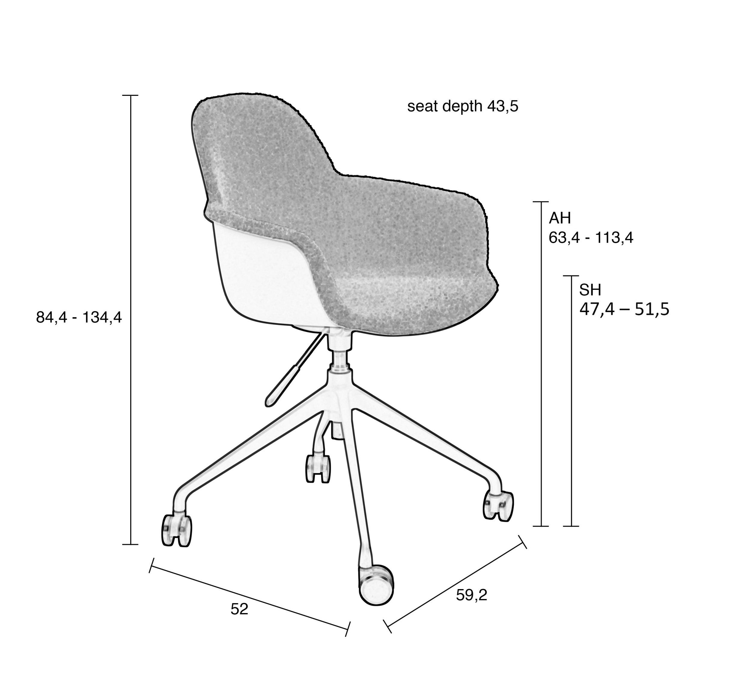 Wysokość podłokietników: 63,4 - 113,4 cm
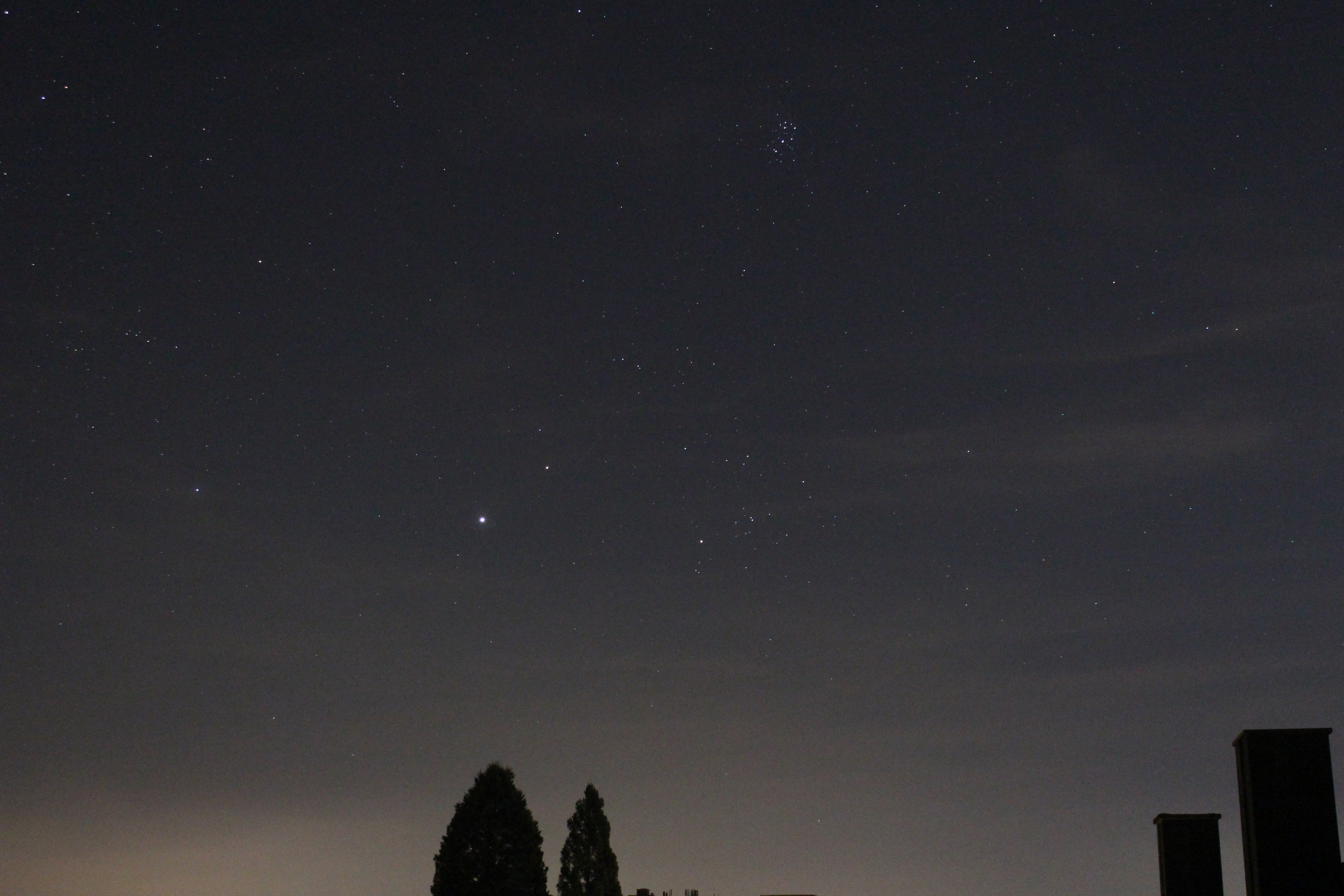 Mars und Jupiter im Sternbild Stier über dem Sindelfinger Ortsteil Maichingen.
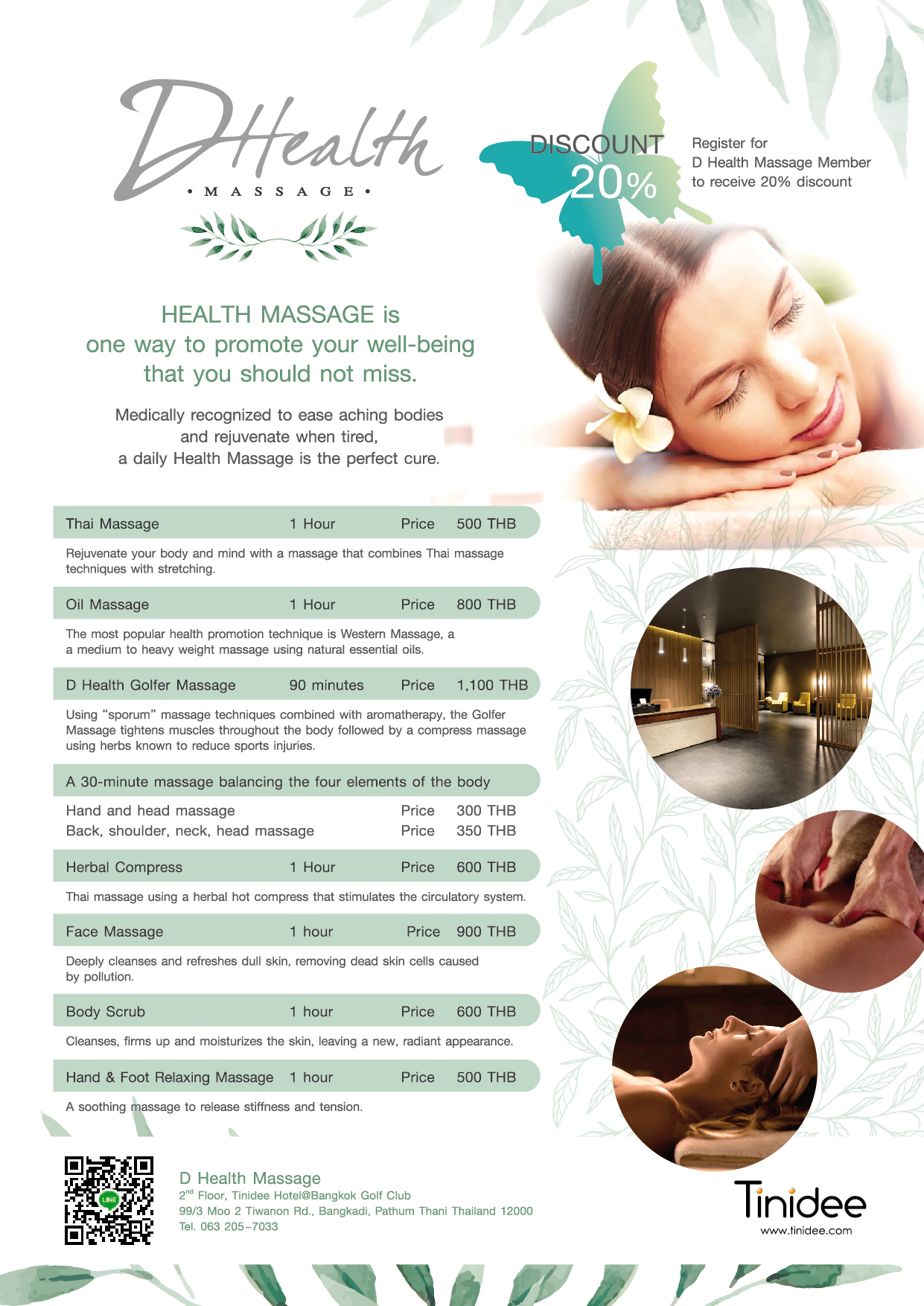 The calming ambience of our D Health Massage offers a relaxing and revitalizing selection of traditional Thai treatments, including Aroma body, Thai herbal, therapeutic massages and more. Thoughtfully designed using natural wood and stone, the warm and peaceful atmosphere is enhanced with artfully located, soothing, indirect light. Conducted in this environment of sophisticated elegance, experienced therapists will leave visitors pampered, refreshed and invigorated.
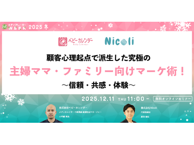 株式会社アイズ(所在地:東京都渋谷区、代表取締役社長:福島範幸、東証グロース:5242)が運営するNo.1*の広告業界のプラットフォーム「メディアレーダー」が主催するマーケティングセミナーイベント「第20回メディアレーダーWEEK 2025 冬」にて、主婦ママ・ファミリー向けマーケティングの専門家たちが12/11(木)に登壇します。視聴申し込みは無料です。
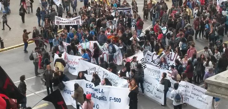 Desde temprano los profesores de toda la provincia se reunieron en la plaza Perú de Concepción para participar de una marcha que, con la suma de los estudiantes de las cuatro universidades tradicionales de la zona, tomó carácter de masiva.
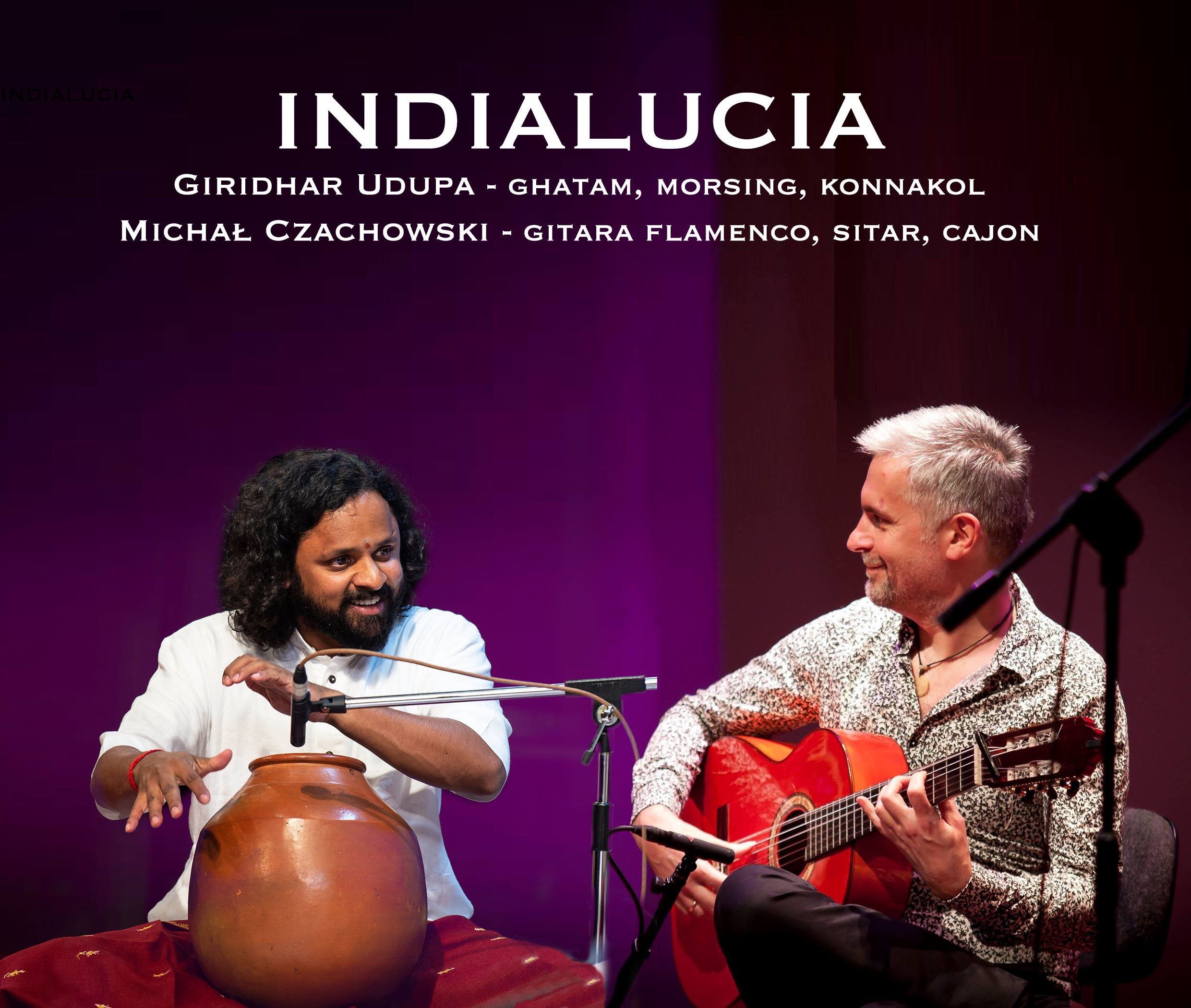 Fascynujące spotkanie dwóch kultur: wschodu i południa – Indii i Andaluzji. Z jednej strony ogień flamenco, z drugiej egzotyka indyjskiej muzyki tradycyjnej - to połączenie stylów muzycznych, z którego słynie zespół INDIALUCIA. Tym razem wystąpią akustycznie, w duecie: Michał Czachowski - wirtuoz gitary flamenco i Giridhar UDUPA - mistrz instrumentów perkusyjnych. Prawdziwa gratka dla wielbicieli muzyki i akustycznych koncertów klubowych. Gorąco zapraszamy!

____________________

• [Your instructions]:
Begin at the line in the entries above that has "The calming ambience", stop after the line that has "Desde temprano los", and output exactly those lines without pictures.

• [Reply to the exercise]:
 The calming ambience of our D Health Massage offers a relaxing and revitalizing selection of traditional Thai treatments, including Aroma body, Thai herbal, therapeutic massages and more. Thoughtfully designed using natural wood and stone, the warm and peaceful atmosphere is enhanced with artfully located, soothing, indirect light. Conducted in this environment of sophisticated elegance, experienced therapists will leave visitors pampered, refreshed and invigorated.
 株式会社アイズ(所在地:東京都渋谷区、代表取締役社長:福島範幸、東証グロース:5242)が運営するNo.1*の広告業界のプラットフォーム「メディアレーダー」が主催するマーケティングセミナーイベント「第20回メディアレーダーWEEK 2025 冬」にて、主婦ママ・ファミリー向けマーケティングの専門家たちが12/11(木)に登壇します。視聴申し込みは無料です。
 Desde temprano los profesores de toda la provincia se reunieron en la plaza Perú de Concepción para participar de una marcha que, con la suma de los estudiantes de las cuatro universidades tradicionales de la zona, tomó carácter de masiva.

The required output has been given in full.